==== Collected data ====

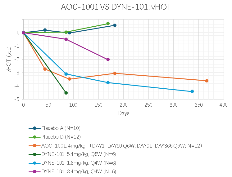 试验显示,两者都能显著改善vHOT指标。其中,DYNE-101在低剂量(1.8mg/kg)下,可达到与AOC-1001高剂量(4mg/kg)相似疗效,DYNE-101高剂量(5.4mg/kg),已初步显示出更好的疗效。
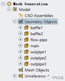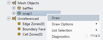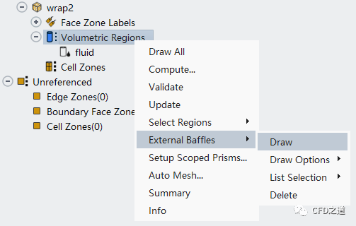 右键选择模型树节点 Volumetric Regions,点击弹出菜单项External Baffles → Draw 显示外部挡板
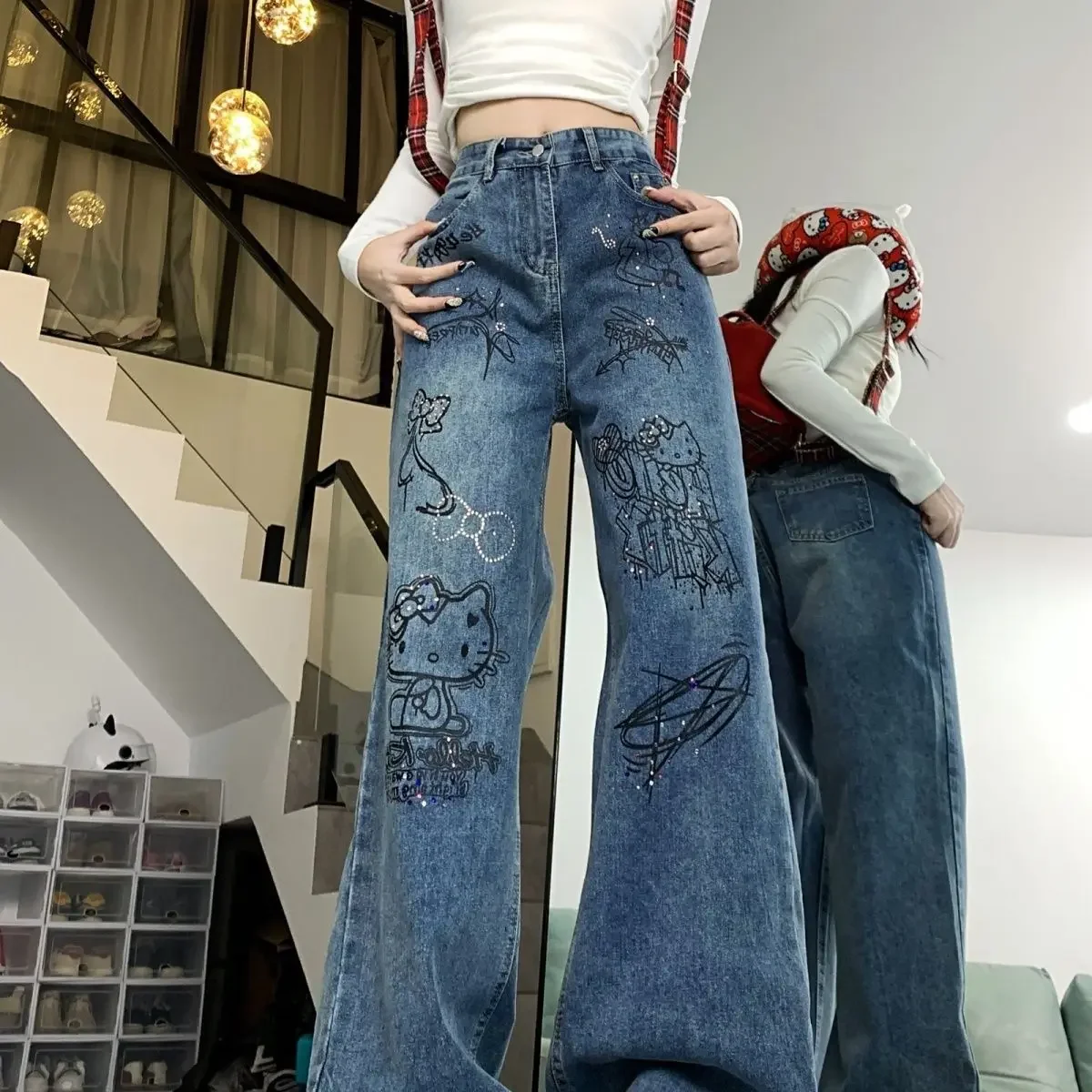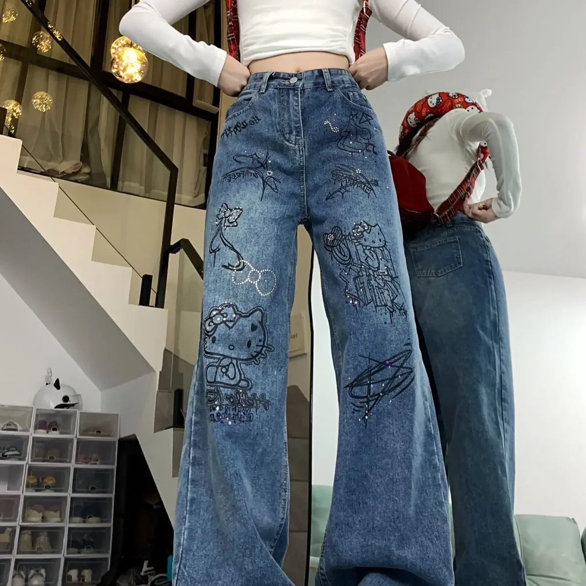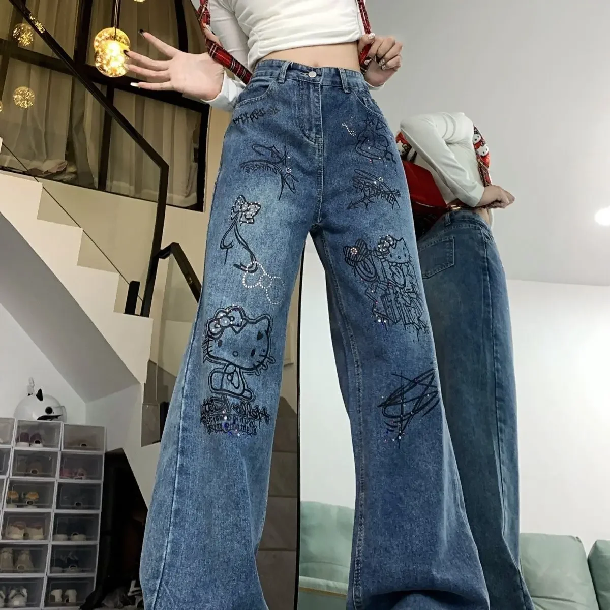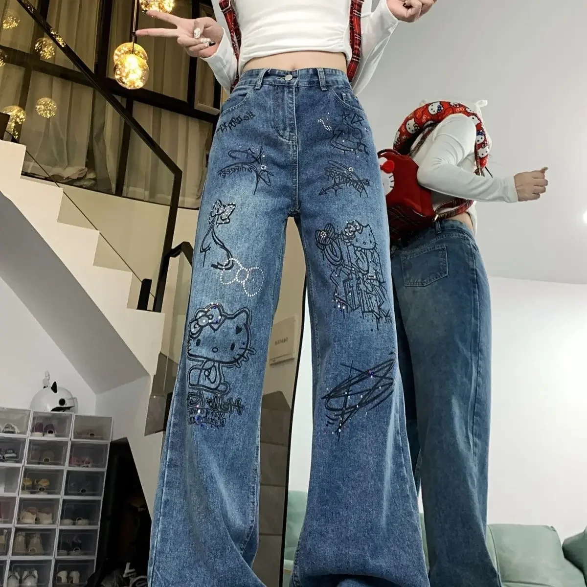 Pantalones vaqueros ajustados con diseño de grafiti azul lavado para mujer, pantalones informales con efecto adelgazante, a la moda

====

What you should do
Output the complete listing exactly. Pictures stay out.

Task response
 试验显示,两者都能显著改善vHOT指标。其中,DYNE-101在低剂量(1.8mg/kg)下,可达到与AOC-1001高剂量(4mg/kg)相似疗效,DYNE-101高剂量(5.4mg/kg),已初步显示出更好的疗效。
 右键选择模型树节点 Volumetric Regions,点击弹出菜单项External Baffles → Draw 显示外部挡板
 Pantalones vaqueros ajustados con diseño de grafiti azul lavado para mujer, pantalones informales con efecto adelgazante, a la moda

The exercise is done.